PAYMENT OF DEBT SECURITIES; TRANSFERS, EXCHANGES: Except as may be provided
in the applicable prospectus supplement, interest, if any, on each debt security
payable on each interest payment date will be paid to the person in whose name
such debt security is registered as of the close of business on the regular
record date relating to such interest payment date; PROVIDED, HOWEVER, that
interest payable at maturity (whether at stated maturity, upon redemption or
otherwise) will be paid to the person to whom the principal of such debt
security is paid. However, if there has been a default in the payment of
interest on any debt security, such defaulted interest may be payable to the
registered holder of such debt security as of the close of business on a date
selected by the trustee not more than 15 days and not less than 10 days prior to
the date we propose for payment of such defaulted interest.

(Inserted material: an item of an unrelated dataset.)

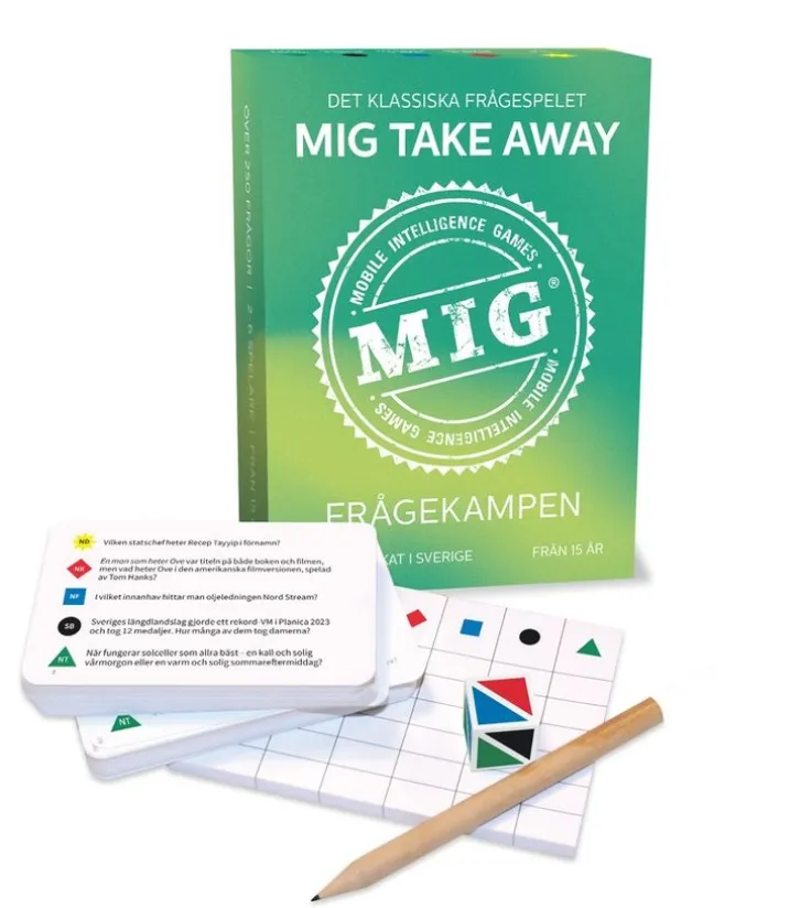 MIG TAKE AWAY är en serie klassiska frågespel i fyra olika varianter för både vuxna och barn. MIG Take Away Frågekampen är fyllt med en härlig blandning av roliga, aktuella och klassiska frågor. Ett spel för alla som älskar spelkvällar och gillar att lära sig något nytt. Över 250 underhållande frågor, lätt att packa med. Tillverkad i Sverige av Playmig. Innehåll: Över 250 frågor, fem frågekategorier, spelblock, MIG-färgtärning, regler och penna. 2-6 spelare eller spela i lag. Speltid från 15 min

Principal of and premium, if any, and interest, if any, on the debt
securities at maturity will be payable upon presentation of the debt securities
at the principal corporate trust office of U.S. Bank Trust National Association,
or of any successor paying agent, in New York, New York. We may change the place
of payment on the debt securities, may appoint one or more paying agents
(including ourselves) and may remove any paying agent, all in our discretion.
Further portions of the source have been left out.